Chronique

Stéphan Oliva & Stéphane Oskéritzian

Cinéma invisible

Stéphan Oliva (p), Stéphane Oskéritizian (montage)

Label / Distribution : Illusions

A force d’interroger les interactions entre le cinéma et la musique, le disque que voici était inévitable. Drôlement excitant de surcroît. Depuis vingt ans maintenant, depuis Jazz’n’(E)motion au moins, Stéphan Oliva ne parle presque que de ça. Citons Ghosts Of Bernard Herrmann (doublé de Lives Of Bernard Herrmann), Film Noir, After Noir (Piano Gone) portraits, Vaguement Godard qui jouent en plein écran des partitions de film ou dressent en musique des portraits d’actrices ou d’acteurs. Pour rester dans la métaphore cinématographique - et passer de l’(E)motion à Motian, notons également que le second disque du trio qu’Oliva signe avec le batteur américain (et Bruno Chevillon) s’intitule déjà Intérieur Nuit (Night Bird Music, 2001). Il signe, par ailleurs, en 2007 la bande originale du film Liens du Sang de Jacques Maillot et propose régulièrement, au côté de Jean-Marc Foltz des cinés concerts (concernant notamment Segundo de Chomon, pionnier du cinéma au côté de Méliès).

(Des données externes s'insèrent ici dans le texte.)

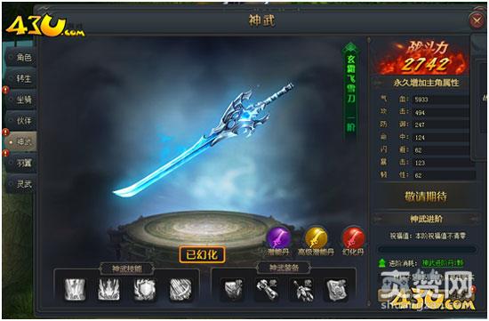 43u《斗罗大陆》神武系统在玩家们登陆第二天即可开启,主要功能是给主角们提供被动技能与属性加成,神武的等级越高增加属性也随之越多。想要获得高属性,那必须是要付出努力进行提升的,此处神武共分为十阶,玩家需要通过提高神武等级可以激活不同的神武外形。
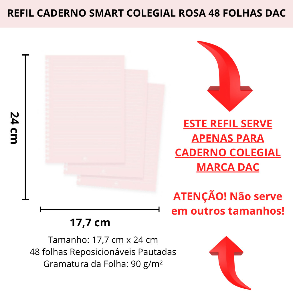 Refil Caderno Smart Colegial Rosa 48 Folhas DAC

Son amour pour le septième art n’est pourtant pas une passion solitaire. Un partenaire de l’ombre l’accompagne souvent dans les projets que nous venons d’évoquer. Stéphane Oskéritzian (avec son complice Philippe Ghielmetti), est même le responsable de l’idée astucieuse qui préside à Cinéma Invisible. Enfermer Oliva dans le studio La Buissonne (où il signe la plupart de ses enregistrements avec Gérard de Haro aux manettes) et lui donner quelques mots de la technique cinématographique, sur lesquels il improvise. Hors champ, plongée, arrière-plan, gros plan, générique, etc. donnent lieu à des mises en son qu’il est parfaitement ludique d’écouter à la lueur du mot sélectionné.

Dans un premier temps, on cherche à voir comment Oliva s’adapte à cette contrainte et donne à entendre ce qu’il faut habituellement voir. Il y parvient toujours avec inventivité. Pourtant très vite on s’abandonne. A partir d’une session de plusieurs heures de rushes, Oskéritzian a effectivement monté un programme qui s’écoute comme une seule pièce en rendant compte du toucher du pianiste. Constitué en vingt-quatre pastilles brèves, sa façon personnelle de jouer peu accorde aux notes un rôle sûr et crée beaucoup d’espace et de valeur. Les parties basses, notamment, évoluent avec délié et poésie sans jamais négliger la forme générale. Le titre “Ralenti” dont la résonance évoque, bien évidemment, une action lente, contient ainsi un pouvoir d’évocation fort. Ses couleurs mélancoliques et sa sentimentalité retenue font tout le charme de Stéphan Oliva et nous projettent dans ce film que nous ne verrons jamais autrement que mentalement.